Zenefits’ guided tours and self-service product demo
Zenefits is an all-in-one HR platform that promises to help customers streamline their employee onboarding, benefits, payroll, and PTO management.
As a comprehensive product with lots of features and functionalities, Zenefits could quickly overwhelm new users. Instead, they’ve done an excellent job of making their platform feel approachable yet robust through clever visual design, thorough onboarding, and a self-service product demo.
Let’s take a closer look.
First, hats off to the designers behind Zenefits homepage—the clean layout and smooth animations hint at a great product experience to come. Getting started is simple—only an email is needed to begin—and straightforward copy heads off user questions about trial duration, credit card requirements, and technical constraints.
Clicking the “Get Started” CTA launches a 2-step modal series on the same screen. Users are asked to select their company size and input their contact data.
The icons in each field change from red to green as the user successfully fills in the requested information.
And with that, the user is dropped into the demo center. You’ll note that no password is required—Zenefits knows that most people are still evaluating their product at this stage.
Before the user can continue, they’re asked to agree to the terms and conditions. This necessary step can sometimes be a point of friction, but Zenefits smooths that out by saving T&C acknowledgement until after initial signup, giving users a glimpse of the demo product in the background.
Self-service product demo
Rather than overloading every user with an exhaustive product tour, Zenefits gives new users the option to choose between 3 Guided Tours (product walkthroughs for different use cases) or a general introduction to the product.
We chose the “Tour Zenefits HR” option to see how they walked users through a specific use case. Things start off with a spotlight and high-contrast tooltip. Clicking “Next” takes users through some of the key features they’re likely to need in the future.
Zenefits has done a nice job of clearly and succinctly highlighting the value behind each feature—users aren’t just told what something is, they’re given a concrete example of why they should care about each feature (e.g. “create team reviews in a few clicks with Performance Management”).
An abrupt end
The tour ends with a final tooltip. Clicking “Done” closes out the tour, and users are left to explore the rest on their own.

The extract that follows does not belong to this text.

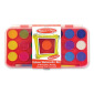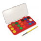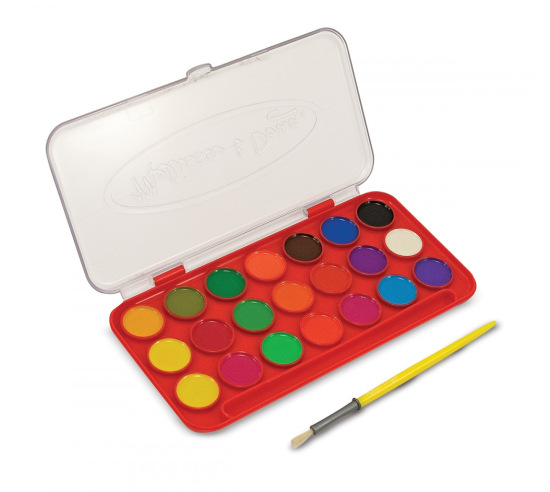 Set includes 21 washable watercolors in a deluxe carrying case and a paintbrush. Lid doubles as a mixing tray.
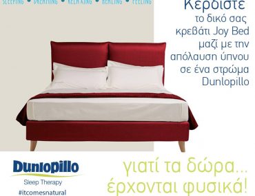 H Dunlopillo διοργανώνει διαγωνισμό και σας δίνει τη δυνατότητα να κερδίσετε ένα κρεβάτι Joy Bed μαζί με το στρώμα Dunlopillo από 100% φυσικό Talalay Latex! !

While the freedom to click through all the features is nice, we felt that the walkthrough ended quite abruptly. Without any confirmation that the tour was over, we were momentarily unsure of what we were supposed to do next: Should we click things? Go back to the Demo Center? And if so, how? Could we enter our own info into this demo environment?
A brief modal window letting users know that they’ve completed the hand-holding part of the demo and that they’re now free to explore different features would really round out the experience.
Why this is really good UX
- We really liked the instant feedback that the color-changing icons provide during signup. Great UX often lies in the details, and this bit of automatic feedback is a nice touch that lets users know they’ve done the right thing at this important step.
- Saving terms and conditions until the next step—when users can see the demo environment in the background—was a smart move. It reduces friction during signup and gives users motivation to continue.
- We love that Zenefits offers users multiple pathways into their product—and that they include a general tour to boot. Letting users segment themselves at this stage allows you to deliver more relevant onboarding experiences, which shortens time to value and increases activation rates.
- Important page elements stand out thanks to big, bold calls to action and high-contrast colors throughout the product.
- Zenefits has done a good job of calling out value during their walkthrough. Their tooltips don’t just point to important features—they explain, in a few simple words, why those features matter.
What could be even better
- We would have liked a confirmation modal at the end of the tour that let us know what we should do next.
- After the initial walkthrough, users are really on their own. For some of the more complicated or high-stakes features, a little more guidance in the form of a tooltip or 2 could make a big difference to inexperienced users.